**MATERIAL PROVIDED**:
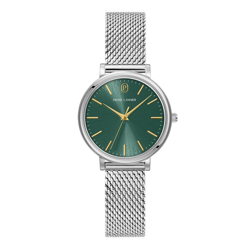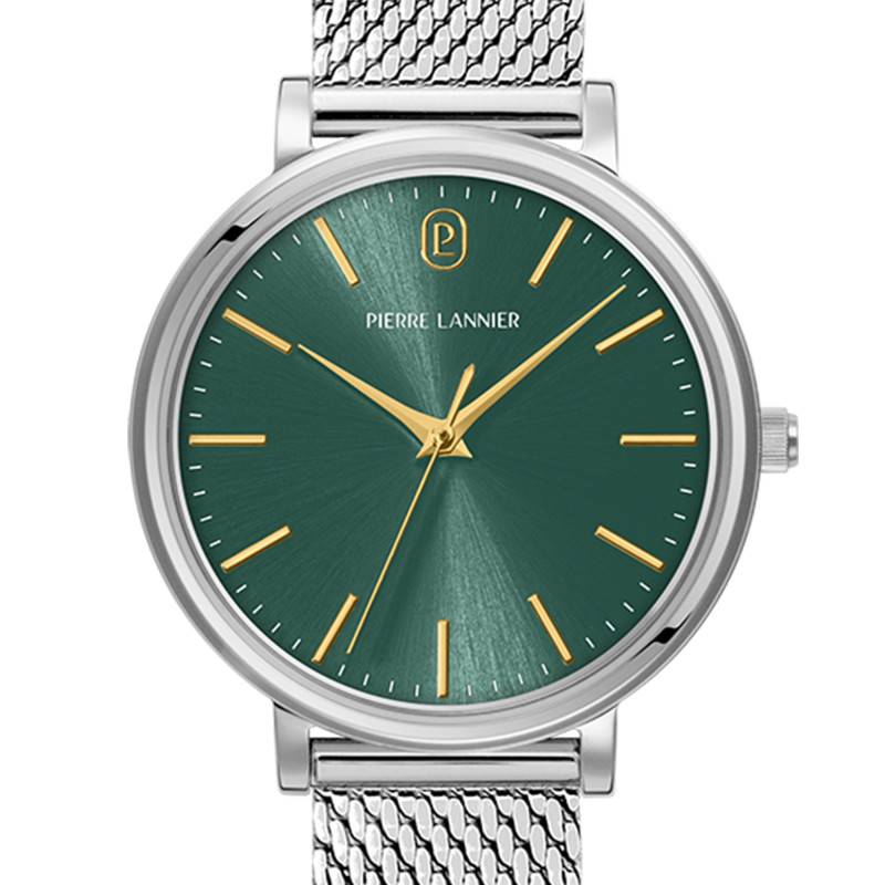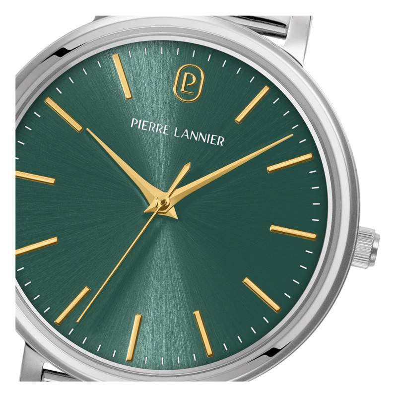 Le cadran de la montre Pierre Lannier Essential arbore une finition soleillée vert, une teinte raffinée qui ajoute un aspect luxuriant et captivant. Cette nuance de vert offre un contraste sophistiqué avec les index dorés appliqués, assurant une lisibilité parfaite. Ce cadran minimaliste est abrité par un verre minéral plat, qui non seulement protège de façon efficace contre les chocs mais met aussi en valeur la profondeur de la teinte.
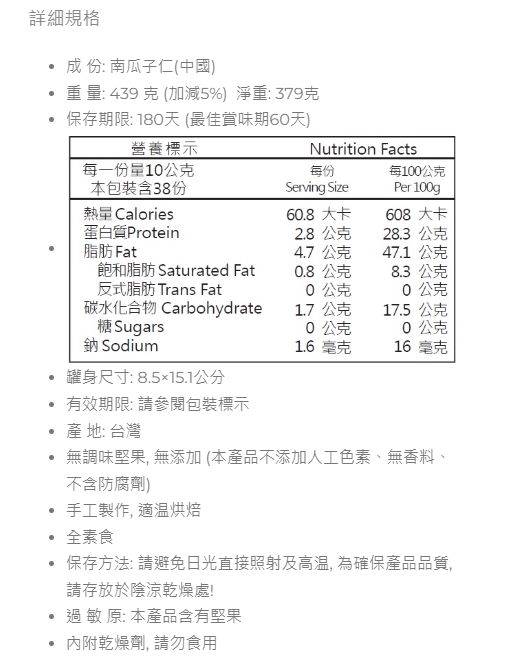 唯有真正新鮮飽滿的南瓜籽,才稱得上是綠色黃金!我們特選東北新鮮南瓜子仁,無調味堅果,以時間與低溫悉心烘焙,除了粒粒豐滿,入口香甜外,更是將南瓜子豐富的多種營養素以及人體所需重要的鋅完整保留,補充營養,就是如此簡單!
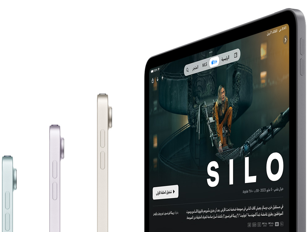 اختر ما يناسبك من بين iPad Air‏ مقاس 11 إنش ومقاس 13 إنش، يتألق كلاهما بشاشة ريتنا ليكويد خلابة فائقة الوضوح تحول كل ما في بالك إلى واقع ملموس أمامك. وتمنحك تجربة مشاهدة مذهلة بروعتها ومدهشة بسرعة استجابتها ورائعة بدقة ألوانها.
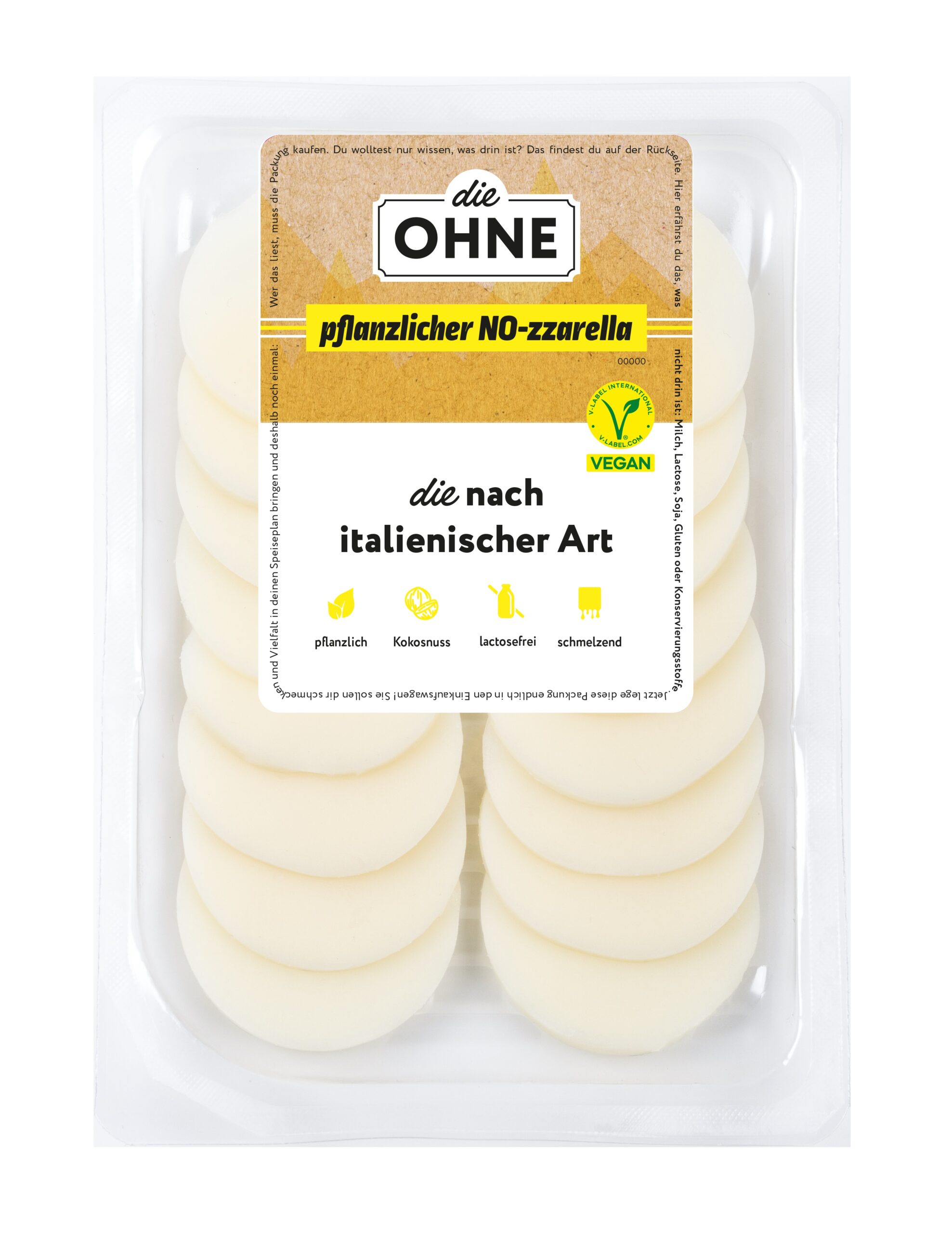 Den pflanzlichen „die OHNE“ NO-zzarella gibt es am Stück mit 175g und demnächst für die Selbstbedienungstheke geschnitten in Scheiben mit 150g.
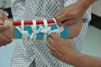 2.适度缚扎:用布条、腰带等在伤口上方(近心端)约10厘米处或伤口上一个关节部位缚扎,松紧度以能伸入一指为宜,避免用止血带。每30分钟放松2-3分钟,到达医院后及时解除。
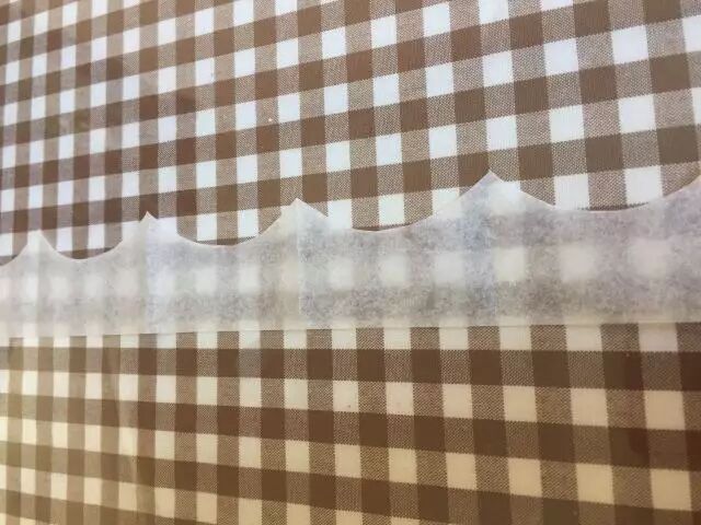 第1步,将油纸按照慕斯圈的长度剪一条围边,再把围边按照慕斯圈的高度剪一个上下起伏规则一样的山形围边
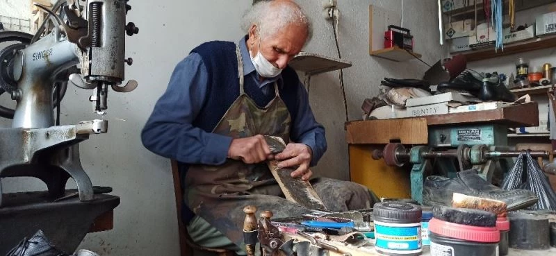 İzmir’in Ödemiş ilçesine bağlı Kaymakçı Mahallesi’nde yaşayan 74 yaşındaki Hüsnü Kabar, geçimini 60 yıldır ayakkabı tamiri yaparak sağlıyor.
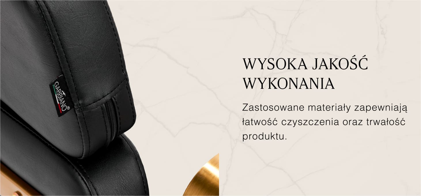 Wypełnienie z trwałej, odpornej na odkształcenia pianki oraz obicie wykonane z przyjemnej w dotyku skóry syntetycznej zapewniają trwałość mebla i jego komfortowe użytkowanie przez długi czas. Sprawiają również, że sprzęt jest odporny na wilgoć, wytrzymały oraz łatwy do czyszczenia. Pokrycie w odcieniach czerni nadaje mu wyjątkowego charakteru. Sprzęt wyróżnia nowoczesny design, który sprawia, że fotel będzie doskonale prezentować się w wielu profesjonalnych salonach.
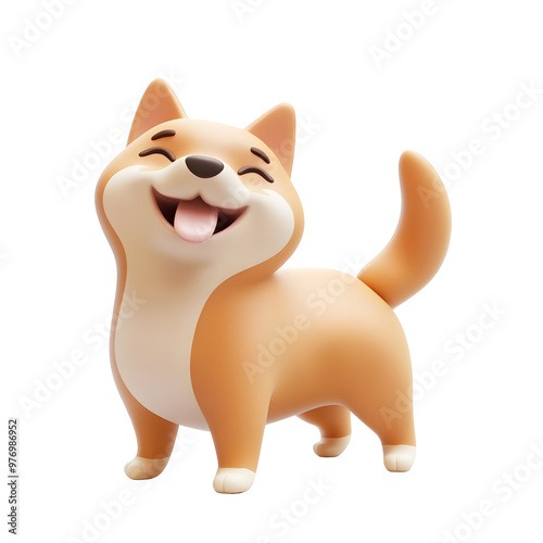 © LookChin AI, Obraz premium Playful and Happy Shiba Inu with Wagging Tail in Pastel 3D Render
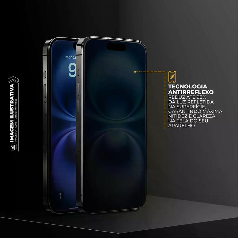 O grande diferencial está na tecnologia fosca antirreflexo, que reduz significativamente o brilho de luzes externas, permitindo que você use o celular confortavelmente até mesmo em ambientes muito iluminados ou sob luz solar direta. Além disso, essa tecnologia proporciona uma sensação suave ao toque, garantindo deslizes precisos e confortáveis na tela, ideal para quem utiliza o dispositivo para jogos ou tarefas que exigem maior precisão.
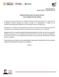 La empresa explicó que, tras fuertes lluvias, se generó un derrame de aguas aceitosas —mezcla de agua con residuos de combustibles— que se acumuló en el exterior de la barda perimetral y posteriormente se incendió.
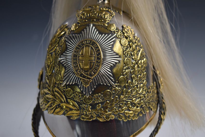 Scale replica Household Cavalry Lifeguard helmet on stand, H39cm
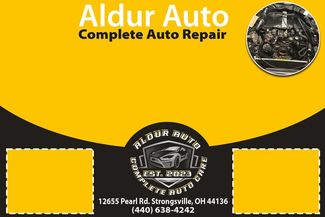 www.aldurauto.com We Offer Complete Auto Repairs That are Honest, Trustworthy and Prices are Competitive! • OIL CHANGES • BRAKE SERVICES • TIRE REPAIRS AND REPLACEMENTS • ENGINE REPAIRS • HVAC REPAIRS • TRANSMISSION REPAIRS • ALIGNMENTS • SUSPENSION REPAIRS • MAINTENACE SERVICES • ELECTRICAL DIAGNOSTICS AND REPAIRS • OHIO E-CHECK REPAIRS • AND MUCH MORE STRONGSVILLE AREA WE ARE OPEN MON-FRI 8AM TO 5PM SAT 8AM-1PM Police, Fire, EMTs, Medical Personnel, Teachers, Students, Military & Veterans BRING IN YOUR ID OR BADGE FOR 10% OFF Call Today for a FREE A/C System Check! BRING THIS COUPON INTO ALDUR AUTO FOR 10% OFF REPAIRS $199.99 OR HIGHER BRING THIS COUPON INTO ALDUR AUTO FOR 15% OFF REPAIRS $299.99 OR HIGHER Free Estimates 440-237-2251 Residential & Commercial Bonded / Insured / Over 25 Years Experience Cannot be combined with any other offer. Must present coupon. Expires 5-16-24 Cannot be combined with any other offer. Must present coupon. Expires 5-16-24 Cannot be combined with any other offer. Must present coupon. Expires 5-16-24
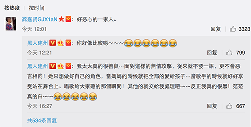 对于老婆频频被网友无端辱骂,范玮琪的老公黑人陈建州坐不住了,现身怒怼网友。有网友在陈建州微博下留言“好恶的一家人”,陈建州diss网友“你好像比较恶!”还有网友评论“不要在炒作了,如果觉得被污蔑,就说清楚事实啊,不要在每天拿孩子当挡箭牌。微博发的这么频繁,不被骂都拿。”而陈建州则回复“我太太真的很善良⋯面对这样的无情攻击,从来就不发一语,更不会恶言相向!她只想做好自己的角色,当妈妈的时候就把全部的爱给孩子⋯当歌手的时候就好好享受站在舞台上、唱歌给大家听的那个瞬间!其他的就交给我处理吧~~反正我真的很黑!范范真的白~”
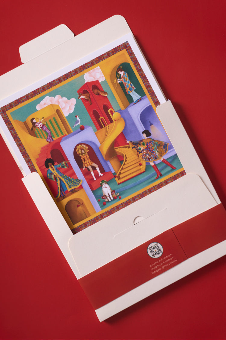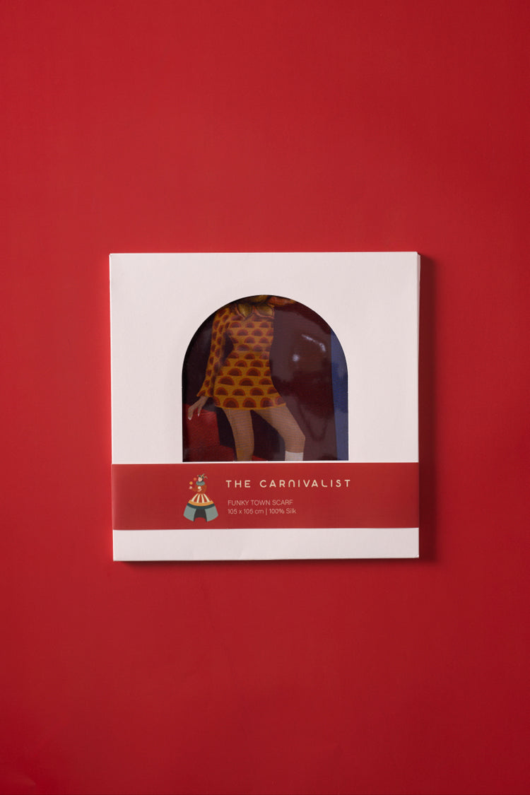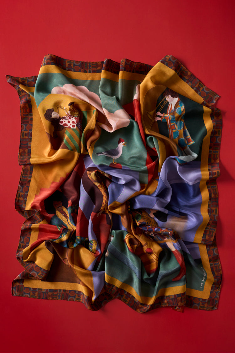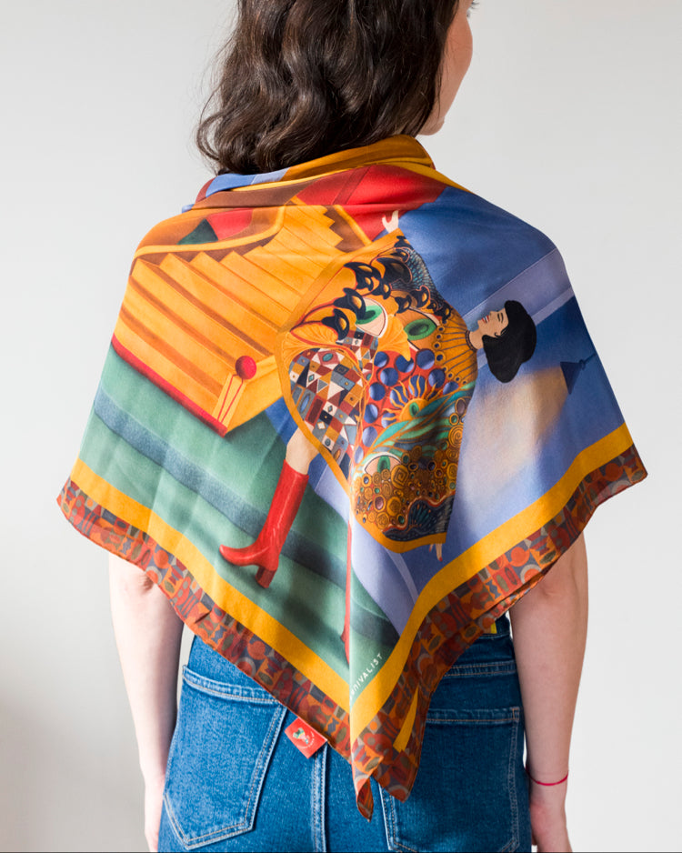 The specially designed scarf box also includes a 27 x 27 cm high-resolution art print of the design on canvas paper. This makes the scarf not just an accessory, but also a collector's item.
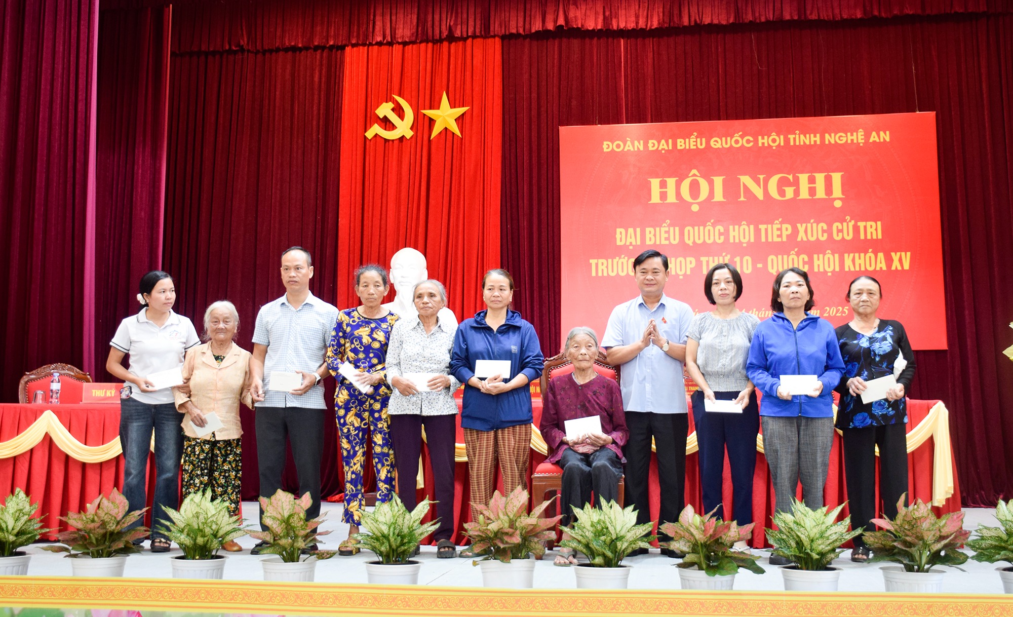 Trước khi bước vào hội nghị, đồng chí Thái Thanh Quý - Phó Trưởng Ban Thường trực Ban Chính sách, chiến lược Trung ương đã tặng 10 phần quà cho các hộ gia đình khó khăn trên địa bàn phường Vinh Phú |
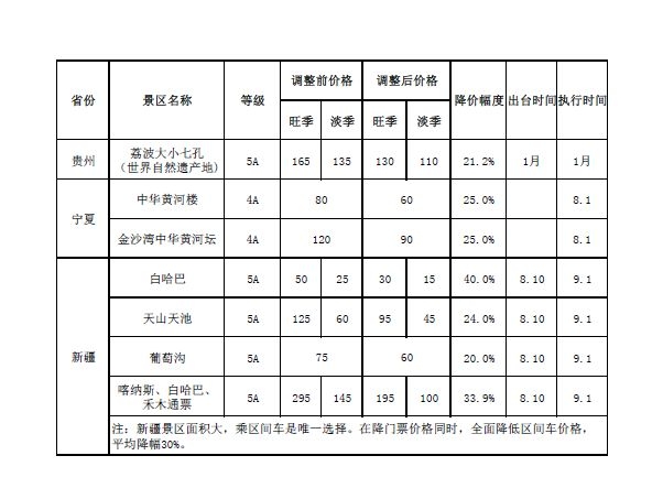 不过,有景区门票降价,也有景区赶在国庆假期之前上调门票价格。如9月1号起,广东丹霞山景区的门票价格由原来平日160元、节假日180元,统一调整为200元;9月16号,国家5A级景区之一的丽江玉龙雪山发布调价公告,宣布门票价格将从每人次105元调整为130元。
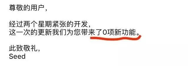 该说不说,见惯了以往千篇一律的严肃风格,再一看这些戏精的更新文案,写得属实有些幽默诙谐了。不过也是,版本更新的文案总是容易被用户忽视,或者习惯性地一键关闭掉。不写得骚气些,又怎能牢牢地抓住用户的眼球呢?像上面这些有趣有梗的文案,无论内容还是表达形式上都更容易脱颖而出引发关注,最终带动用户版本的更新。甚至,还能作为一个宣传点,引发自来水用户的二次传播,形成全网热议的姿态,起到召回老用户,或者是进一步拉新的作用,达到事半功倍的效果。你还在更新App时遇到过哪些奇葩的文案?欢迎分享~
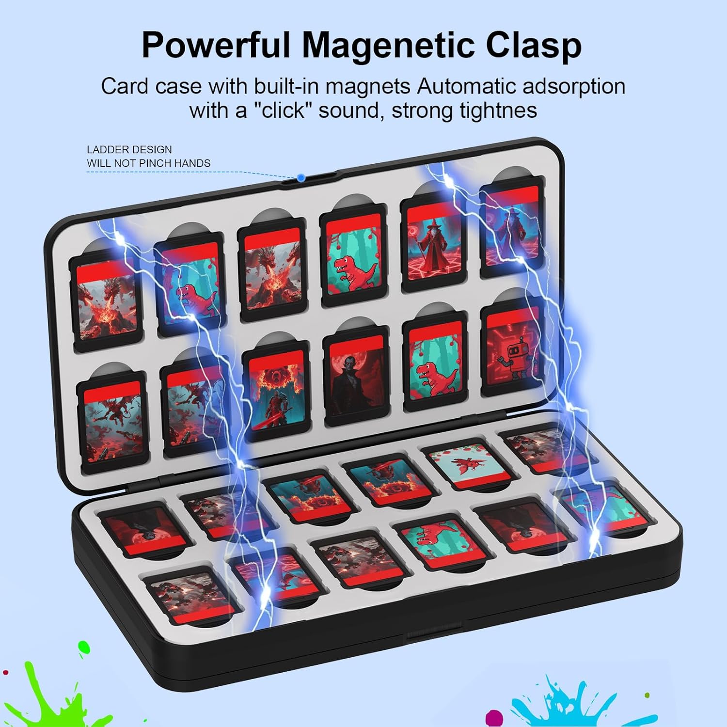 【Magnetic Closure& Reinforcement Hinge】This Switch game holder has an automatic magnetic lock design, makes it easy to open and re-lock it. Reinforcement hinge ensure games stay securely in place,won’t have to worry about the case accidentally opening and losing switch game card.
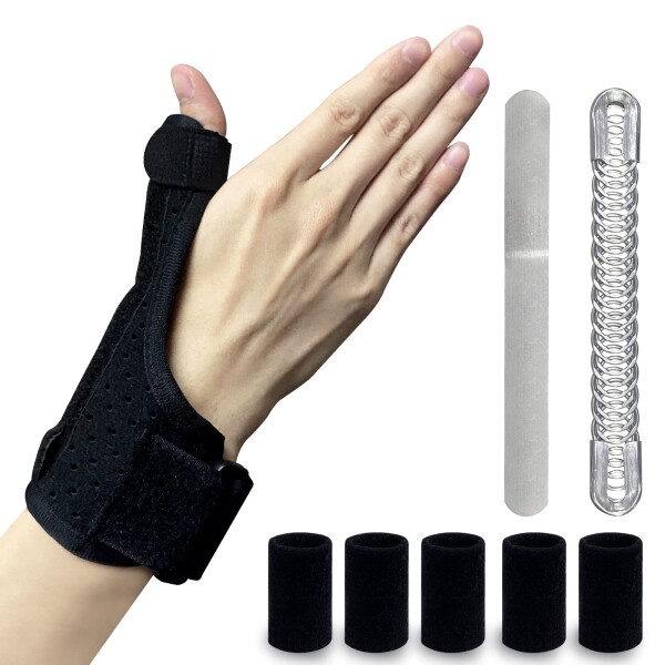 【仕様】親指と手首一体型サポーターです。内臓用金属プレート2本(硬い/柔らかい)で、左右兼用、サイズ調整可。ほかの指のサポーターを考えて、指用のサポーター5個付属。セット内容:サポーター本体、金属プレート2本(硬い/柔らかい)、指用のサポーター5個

**TASK DETAILS**: Please return the data above exactly as it stands from the line with "唯有真正新鮮飽滿的南瓜籽,才" to the line with "Scale replica Household", keeping both of those lines but none of the pictures.

**YOUR SOLUTION**:
 唯有真正新鮮飽滿的南瓜籽,才稱得上是綠色黃金!我們特選東北新鮮南瓜子仁,無調味堅果,以時間與低溫悉心烘焙,除了粒粒豐滿,入口香甜外,更是將南瓜子豐富的多種營養素以及人體所需重要的鋅完整保留,補充營養,就是如此簡單!
 اختر ما يناسبك من بين iPad Air‏ مقاس 11 إنش ومقاس 13 إنش، يتألق كلاهما بشاشة ريتنا ليكويد خلابة فائقة الوضوح تحول كل ما في بالك إلى واقع ملموس أمامك. وتمنحك تجربة مشاهدة مذهلة بروعتها ومدهشة بسرعة استجابتها ورائعة بدقة ألوانها.
 Den pflanzlichen „die OHNE“ NO-zzarella gibt es am Stück mit 175g und demnächst für die Selbstbedienungstheke geschnitten in Scheiben mit 150g.
 2.适度缚扎:用布条、腰带等在伤口上方(近心端)约10厘米处或伤口上一个关节部位缚扎,松紧度以能伸入一指为宜,避免用止血带。每30分钟放松2-3分钟,到达医院后及时解除。
 第1步,将油纸按照慕斯圈的长度剪一条围边,再把围边按照慕斯圈的高度剪一个上下起伏规则一样的山形围边
 İzmir’in Ödemiş ilçesine bağlı Kaymakçı Mahallesi’nde yaşayan 74 yaşındaki Hüsnü Kabar, geçimini 60 yıldır ayakkabı tamiri yaparak sağlıyor.
 Wypełnienie z trwałej, odpornej na odkształcenia pianki oraz obicie wykonane z przyjemnej w dotyku skóry syntetycznej zapewniają trwałość mebla i jego komfortowe użytkowanie przez długi czas. Sprawiają również, że sprzęt jest odporny na wilgoć, wytrzymały oraz łatwy do czyszczenia. Pokrycie w odcieniach czerni nadaje mu wyjątkowego charakteru. Sprzęt wyróżnia nowoczesny design, który sprawia, że fotel będzie doskonale prezentować się w wielu profesjonalnych salonach.
 © LookChin AI, Obraz premium Playful and Happy Shiba Inu with Wagging Tail in Pastel 3D Render
 O grande diferencial está na tecnologia fosca antirreflexo, que reduz significativamente o brilho de luzes externas, permitindo que você use o celular confortavelmente até mesmo em ambientes muito iluminados ou sob luz solar direta. Além disso, essa tecnologia proporciona uma sensação suave ao toque, garantindo deslizes precisos e confortáveis na tela, ideal para quem utiliza o dispositivo para jogos ou tarefas que exigem maior precisão.
 La empresa explicó que, tras fuertes lluvias, se generó un derrame de aguas aceitosas —mezcla de agua con residuos de combustibles— que se acumuló en el exterior de la barda perimetral y posteriormente se incendió.
 Scale replica Household Cavalry Lifeguard helmet on stand, H39cm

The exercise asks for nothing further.